PROBLEM DESCRIPTION: Everything in the listing should be copied exactly, save for the pictures.

SOURCE DATA:
=== Section Start ===

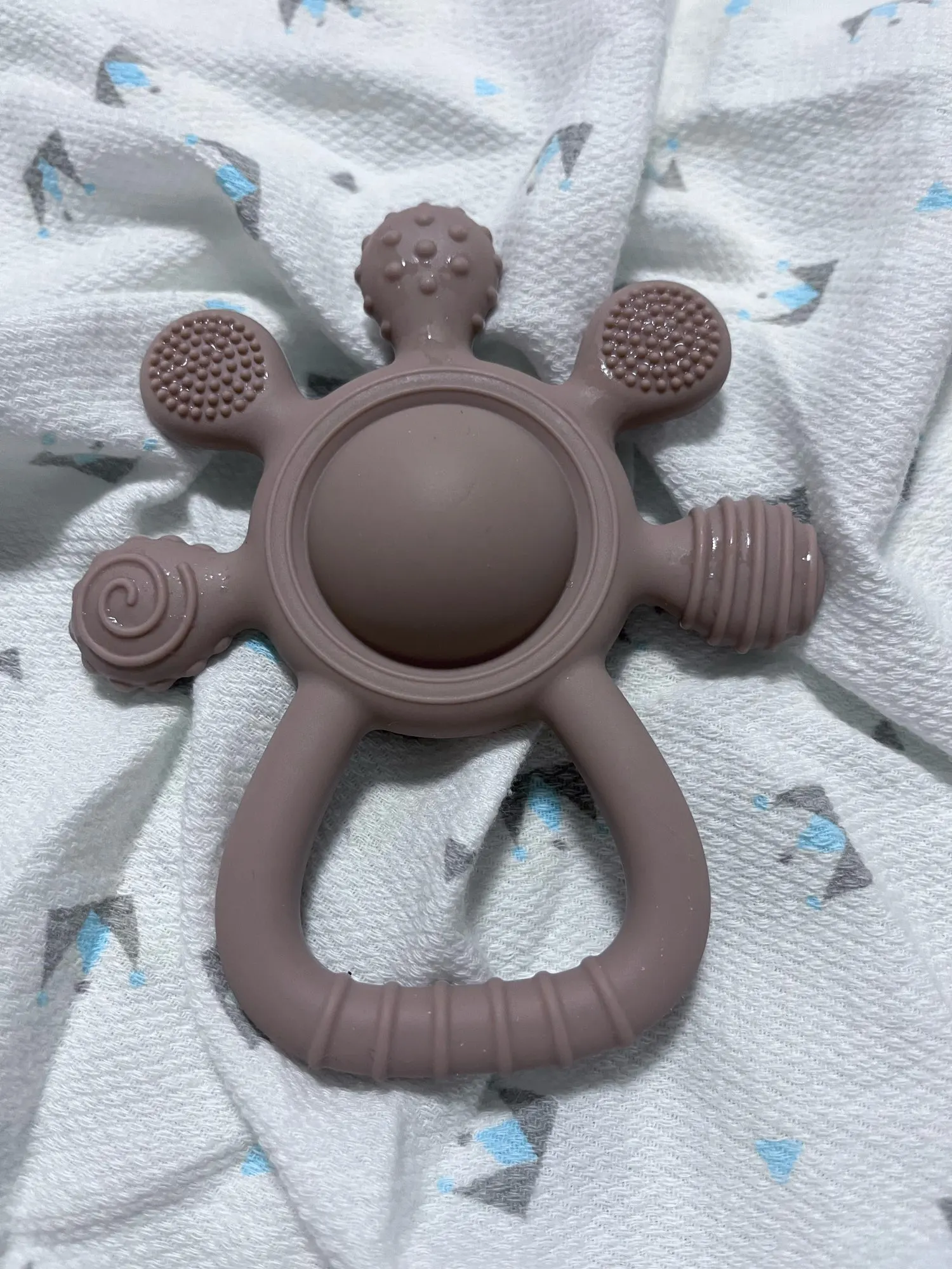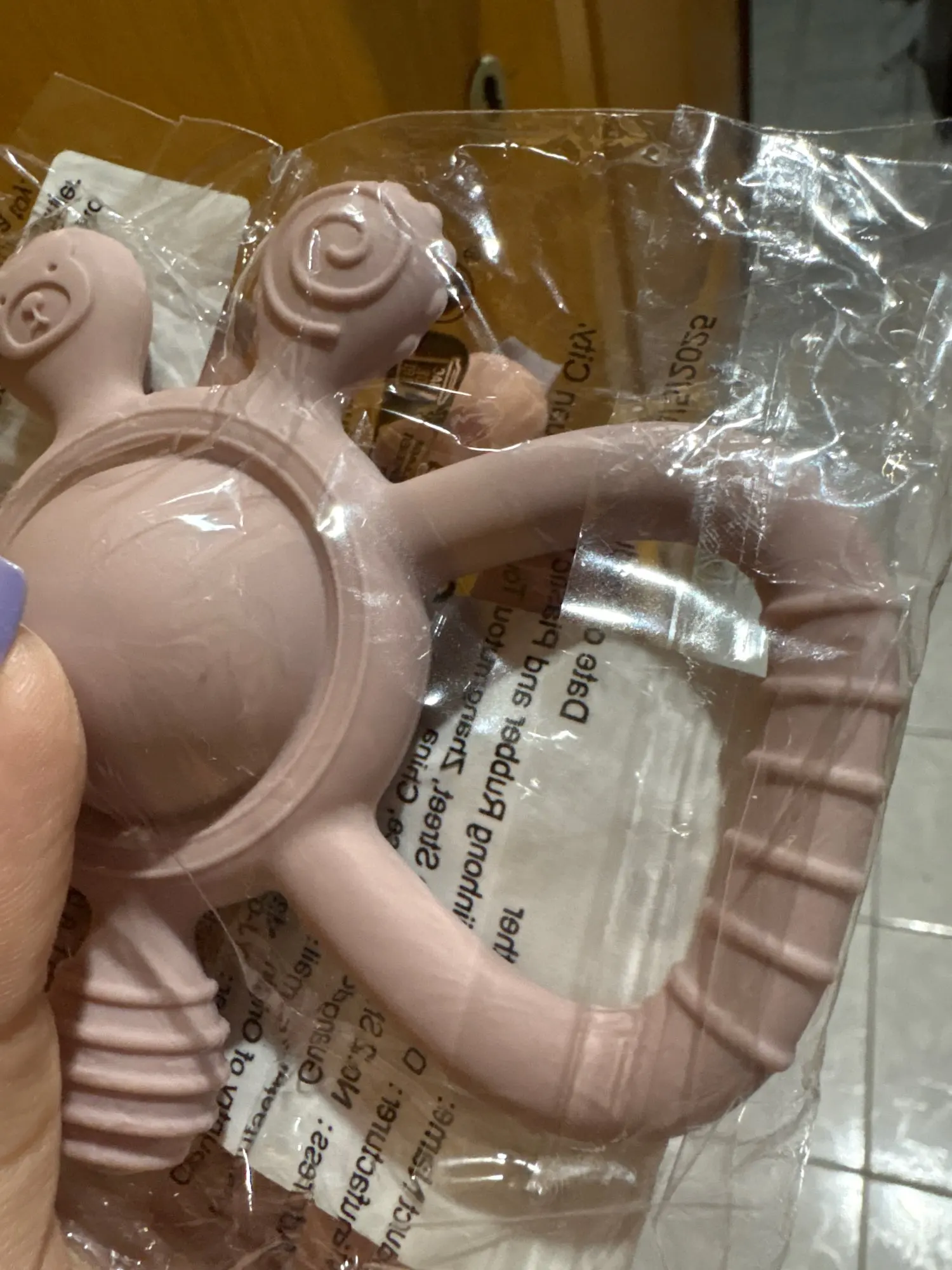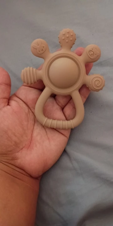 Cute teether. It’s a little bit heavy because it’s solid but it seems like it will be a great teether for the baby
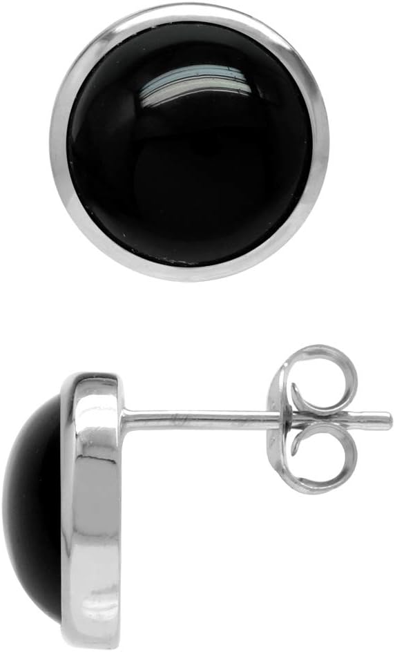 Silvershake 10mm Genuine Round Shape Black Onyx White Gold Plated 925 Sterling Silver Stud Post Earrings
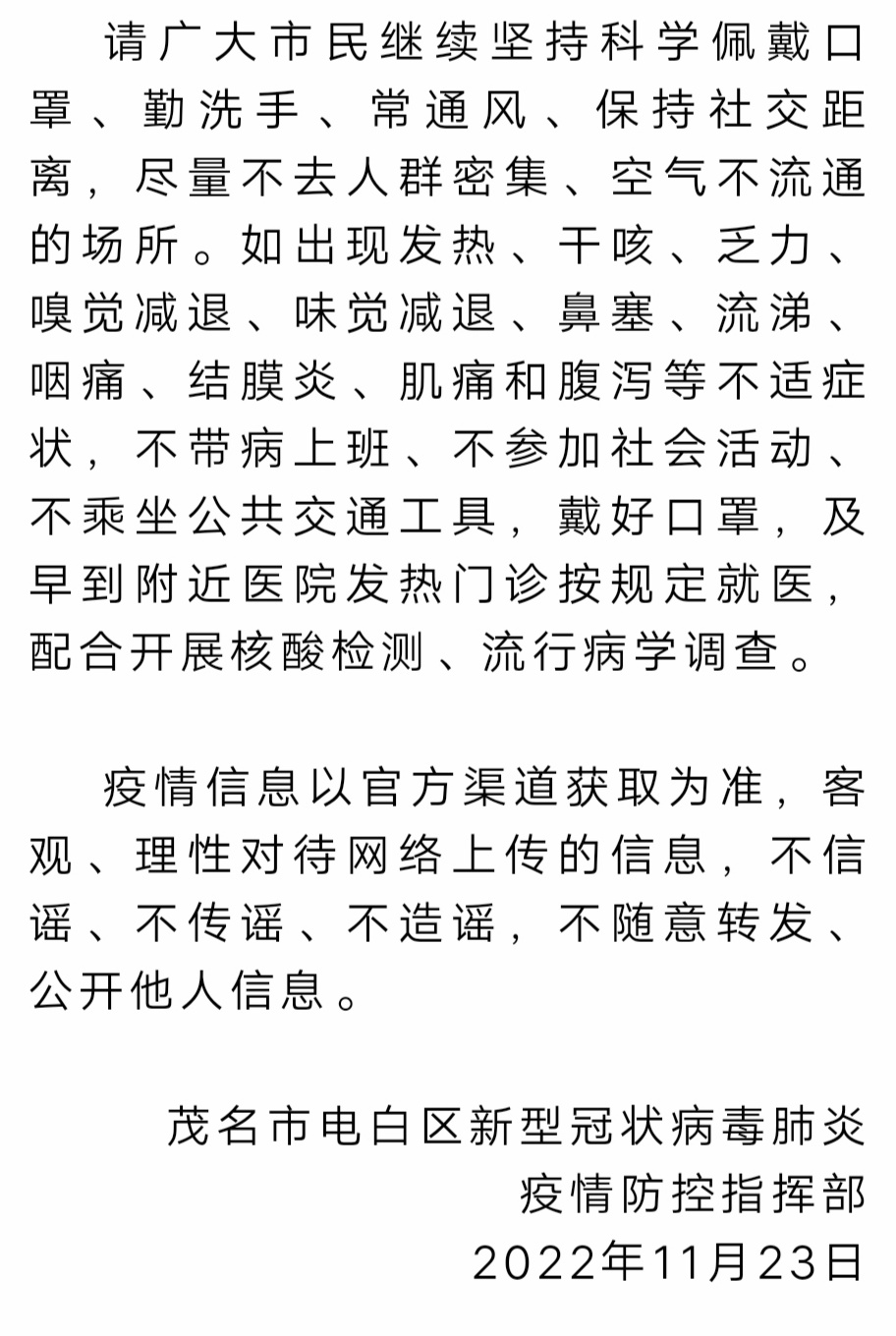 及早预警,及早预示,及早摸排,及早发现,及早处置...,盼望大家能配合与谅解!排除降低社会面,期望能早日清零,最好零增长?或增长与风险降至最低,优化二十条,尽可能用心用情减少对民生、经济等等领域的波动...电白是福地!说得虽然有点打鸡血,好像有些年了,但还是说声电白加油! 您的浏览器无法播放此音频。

=== Section End ===

EXERCISE OUTPUT:
 Cute teether. It’s a little bit heavy because it’s solid but it seems like it will be a great teether for the baby
 Silvershake 10mm Genuine Round Shape Black Onyx White Gold Plated 925 Sterling Silver Stud Post Earrings
 及早预警,及早预示,及早摸排,及早发现,及早处置...,盼望大家能配合与谅解!排除降低社会面,期望能早日清零,最好零增长?或增长与风险降至最低,优化二十条,尽可能用心用情减少对民生、经济等等领域的波动...电白是福地!说得虽然有点打鸡血,好像有些年了,但还是说声电白加油! 您的浏览器无法播放此音频。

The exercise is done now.